Your goal:
Write out precisely the lines beginning with the line that contains "Чашка Пістолет чудове" and ending with the last line of the entries, and no other lines.

Excerpts from a dataset:
════════
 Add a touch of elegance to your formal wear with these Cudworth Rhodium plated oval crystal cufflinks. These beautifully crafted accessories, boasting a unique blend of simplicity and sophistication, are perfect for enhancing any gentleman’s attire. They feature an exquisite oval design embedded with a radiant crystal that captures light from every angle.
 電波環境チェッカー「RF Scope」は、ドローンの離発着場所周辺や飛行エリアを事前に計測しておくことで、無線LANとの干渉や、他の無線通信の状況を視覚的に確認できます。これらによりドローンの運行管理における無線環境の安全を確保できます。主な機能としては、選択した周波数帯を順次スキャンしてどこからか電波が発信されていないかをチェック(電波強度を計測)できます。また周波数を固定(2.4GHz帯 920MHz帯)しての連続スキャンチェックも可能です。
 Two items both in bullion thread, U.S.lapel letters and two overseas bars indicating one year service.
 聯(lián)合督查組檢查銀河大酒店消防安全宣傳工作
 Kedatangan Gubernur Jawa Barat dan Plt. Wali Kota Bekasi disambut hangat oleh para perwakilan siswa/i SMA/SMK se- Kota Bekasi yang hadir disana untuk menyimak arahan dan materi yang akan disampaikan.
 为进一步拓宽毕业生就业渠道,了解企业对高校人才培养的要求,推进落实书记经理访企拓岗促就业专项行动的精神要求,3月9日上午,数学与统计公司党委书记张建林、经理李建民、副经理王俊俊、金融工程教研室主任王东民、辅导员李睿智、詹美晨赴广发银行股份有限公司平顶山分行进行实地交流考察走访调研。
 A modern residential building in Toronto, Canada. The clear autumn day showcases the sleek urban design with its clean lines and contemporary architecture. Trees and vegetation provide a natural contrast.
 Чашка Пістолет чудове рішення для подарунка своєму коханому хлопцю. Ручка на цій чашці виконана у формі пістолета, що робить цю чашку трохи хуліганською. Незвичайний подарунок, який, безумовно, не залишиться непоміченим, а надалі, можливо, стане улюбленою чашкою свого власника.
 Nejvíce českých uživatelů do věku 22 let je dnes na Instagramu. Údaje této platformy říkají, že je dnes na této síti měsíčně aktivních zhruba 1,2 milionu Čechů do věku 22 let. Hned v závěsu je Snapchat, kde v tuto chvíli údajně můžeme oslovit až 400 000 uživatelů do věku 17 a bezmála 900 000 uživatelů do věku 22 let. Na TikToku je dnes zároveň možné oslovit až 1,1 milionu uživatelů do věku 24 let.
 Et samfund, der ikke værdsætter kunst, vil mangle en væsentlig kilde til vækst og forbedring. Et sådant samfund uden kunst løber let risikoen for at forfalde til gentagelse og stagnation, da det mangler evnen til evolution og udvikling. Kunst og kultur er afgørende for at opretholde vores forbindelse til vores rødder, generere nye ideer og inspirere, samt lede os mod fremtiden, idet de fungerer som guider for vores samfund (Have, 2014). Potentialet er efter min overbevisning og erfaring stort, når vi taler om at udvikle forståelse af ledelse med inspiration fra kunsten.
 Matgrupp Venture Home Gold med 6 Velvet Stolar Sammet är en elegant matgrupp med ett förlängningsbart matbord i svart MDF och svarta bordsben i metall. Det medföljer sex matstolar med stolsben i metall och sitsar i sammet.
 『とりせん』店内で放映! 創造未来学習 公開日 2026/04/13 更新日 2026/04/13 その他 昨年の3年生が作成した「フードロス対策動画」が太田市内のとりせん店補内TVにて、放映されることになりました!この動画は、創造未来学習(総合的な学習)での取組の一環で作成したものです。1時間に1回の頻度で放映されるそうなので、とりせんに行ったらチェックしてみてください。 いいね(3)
════════
Response to the task:
 Чашка Пістолет чудове рішення для подарунка своєму коханому хлопцю. Ручка на цій чашці виконана у формі пістолета, що робить цю чашку трохи хуліганською. Незвичайний подарунок, який, безумовно, не залишиться непоміченим, а надалі, можливо, стане улюбленою чашкою свого власника.
 Nejvíce českých uživatelů do věku 22 let je dnes na Instagramu. Údaje této platformy říkají, že je dnes na této síti měsíčně aktivních zhruba 1,2 milionu Čechů do věku 22 let. Hned v závěsu je Snapchat, kde v tuto chvíli údajně můžeme oslovit až 400 000 uživatelů do věku 17 a bezmála 900 000 uživatelů do věku 22 let. Na TikToku je dnes zároveň možné oslovit až 1,1 milionu uživatelů do věku 24 let.
 Et samfund, der ikke værdsætter kunst, vil mangle en væsentlig kilde til vækst og forbedring. Et sådant samfund uden kunst løber let risikoen for at forfalde til gentagelse og stagnation, da det mangler evnen til evolution og udvikling. Kunst og kultur er afgørende for at opretholde vores forbindelse til vores rødder, generere nye ideer og inspirere, samt lede os mod fremtiden, idet de fungerer som guider for vores samfund (Have, 2014). Potentialet er efter min overbevisning og erfaring stort, når vi taler om at udvikle forståelse af ledelse med inspiration fra kunsten.
 Matgrupp Venture Home Gold med 6 Velvet Stolar Sammet är en elegant matgrupp med ett förlängningsbart matbord i svart MDF och svarta bordsben i metall. Det medföljer sex matstolar med stolsben i metall och sitsar i sammet.
 『とりせん』店内で放映! 創造未来学習 公開日 2026/04/13 更新日 2026/04/13 その他 昨年の3年生が作成した「フードロス対策動画」が太田市内のとりせん店補内TVにて、放映されることになりました!この動画は、創造未来学習(総合的な学習)での取組の一環で作成したものです。1時間に1回の頻度で放映されるそうなので、とりせんに行ったらチェックしてみてください。 いいね(3)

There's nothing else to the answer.